(RECORDS SHOWN begins)
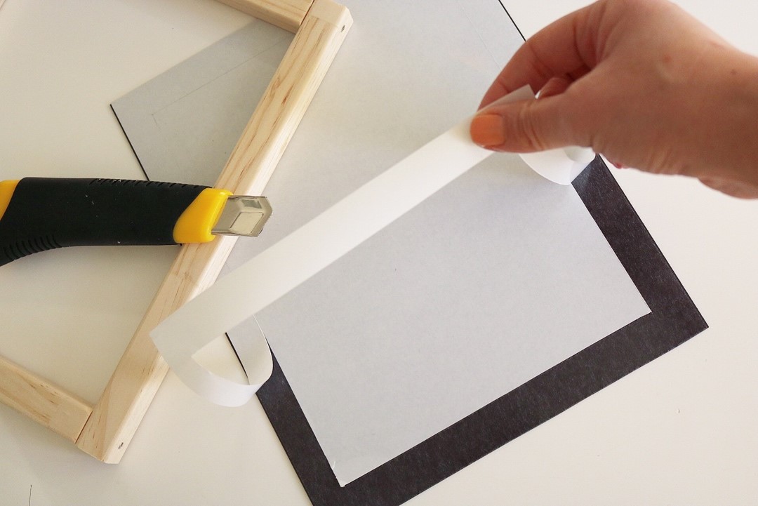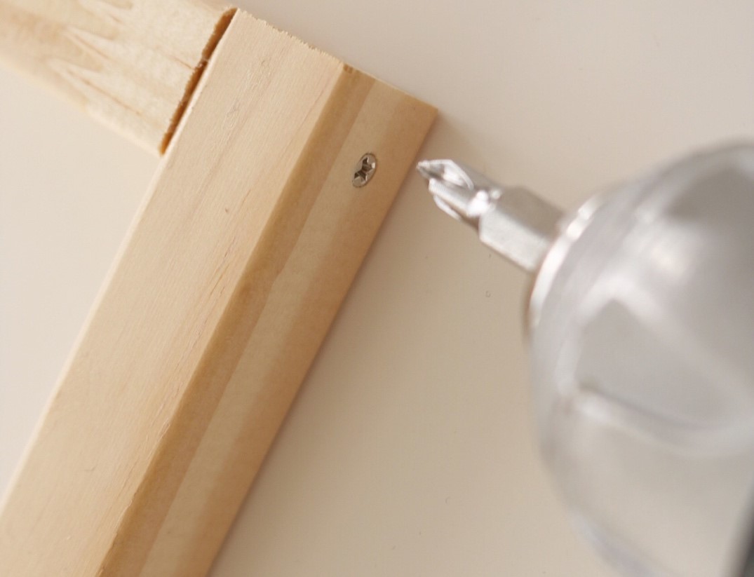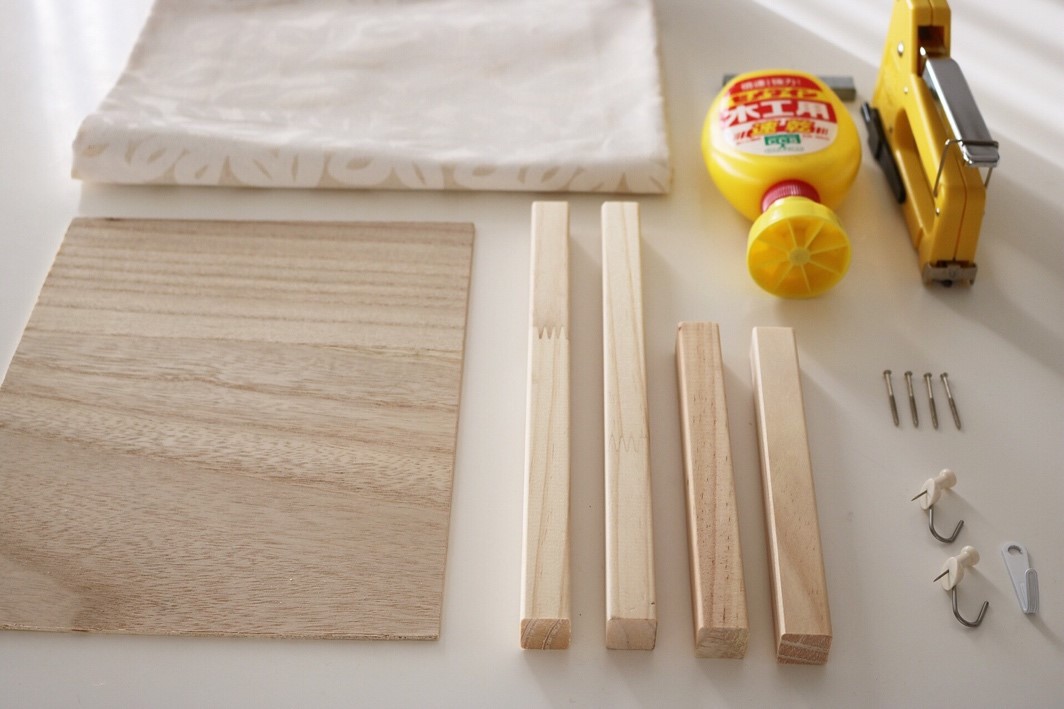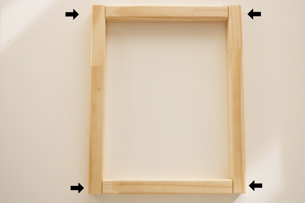 ベニア板の代わりに強力マグネットシートを貼り付けるアレンジも簡単で使い勝手が良いです。粘着付きマグネットシートの両面テープを木枠に合わせて、その部分だけシートを剥がして…
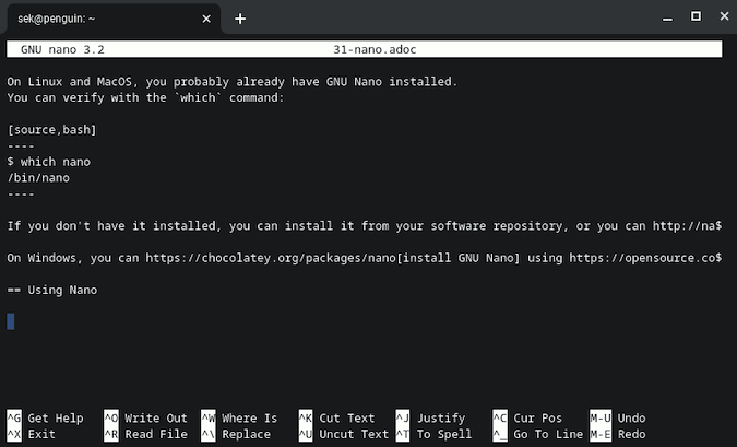 - GNU nano 对基于终端的文本编辑采取了大胆的立场:它提供了一个菜单。是的,这个不起眼的编辑器从 GUI 编辑器那里得到了提示,它告诉用户他们需要按哪个键来执行特定的功能。这是一种令人耳目一新的用户体验,所以难怪 nano 被设置为“用户友好”发行版的默认编辑器,而不是 Vi。
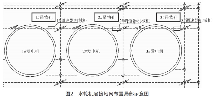 按照設(shè)備接地設(shè)計(jì)要求,小巖頭水電站調(diào)速器機(jī)械柜設(shè)有可靠的接地,只是因土建施工或者室內(nèi)裝修,明接地的接地點(diǎn)無(wú)法看到。但是因?yàn)檎{(diào)速器機(jī)械柜通過(guò)油壓管路與水機(jī)里襯、調(diào)速器接力器等設(shè)備有螺栓可靠連接,就認(rèn)為既有接地扁鐵連接,又有管路連接,調(diào)速器壓油裝置接地良好,不會(huì)有接地不良缺陷問(wèn)題。水輪機(jī)層接地網(wǎng)布置局部示意圖如圖2所示。
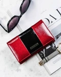 Skórzany portfel damski na zatrzask i bigiel czerwony - Peterson 42122-SAF
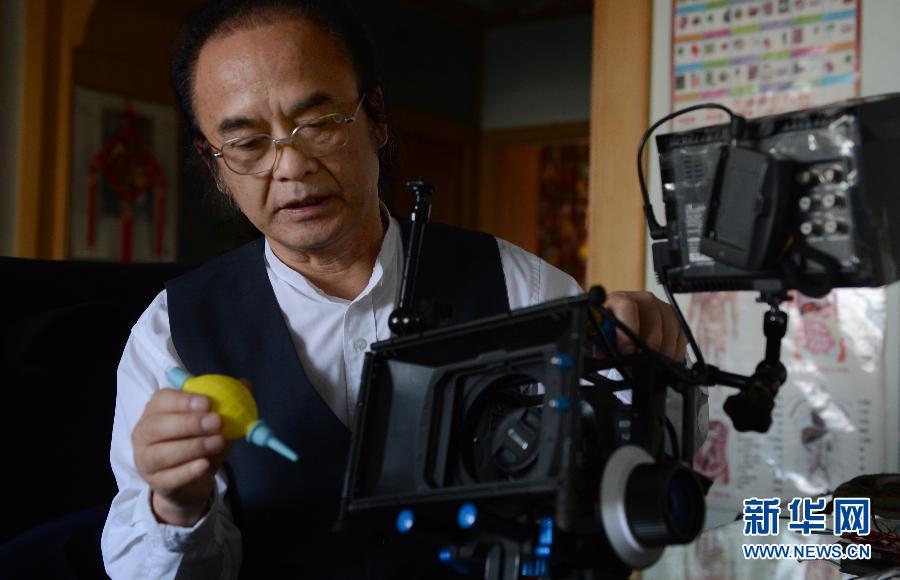 Mo Shubin cleans the cameras and camcorders. (Xinhua/Wang Fei)
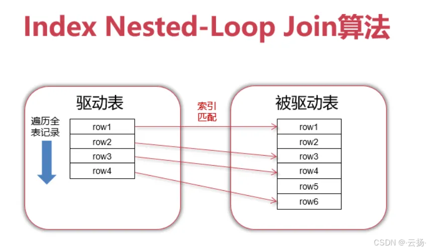 | Index Nested-Loop Join | 驱动表每行→通过索引定位被驱动表匹配数据 | 被驱动表关联字段有索引 | 扫描行数少,依赖索引效率 |
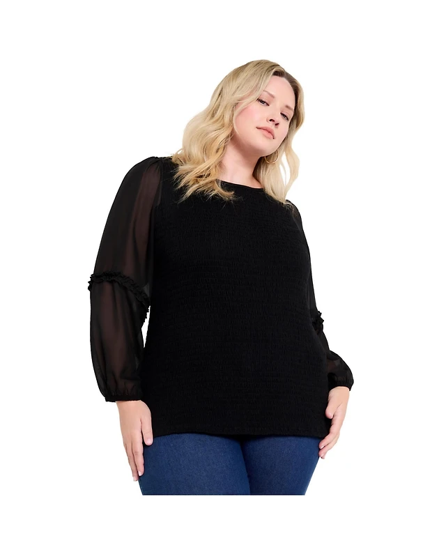 June + Vie Women's June + Vie Puff-Sleeve Smocked Blouse
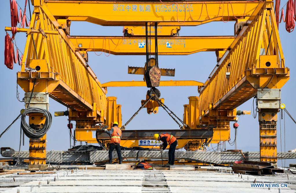 Workers are busy at the construction site of Zhenluo Yellow River Bridge in Zhongwei City, northwest China's Ningxia Hui Autonomous Region, April 11, 2021. The 1,289-meter-long Zhenluo Yellow River Bridge in the Ningxia section of the Wuhai-Maqin expressway finished its final stage for closure Sunday. (Xinhua/Feng Kaihua)
(RECORDS SHOWN ends)
TASK REQUIREMENTS. Using the records above, reproduce exactly the lines from the line containing "June + Vie Women's" through the last line, with both ends kept and no pictures.

SOLUTION TO THIS TASK.
 June + Vie Women's June + Vie Puff-Sleeve Smocked Blouse
 Workers are busy at the construction site of Zhenluo Yellow River Bridge in Zhongwei City, northwest China's Ningxia Hui Autonomous Region, April 11, 2021. The 1,289-meter-long Zhenluo Yellow River Bridge in the Ningxia section of the Wuhai-Maqin expressway finished its final stage for closure Sunday. (Xinhua/Feng Kaihua)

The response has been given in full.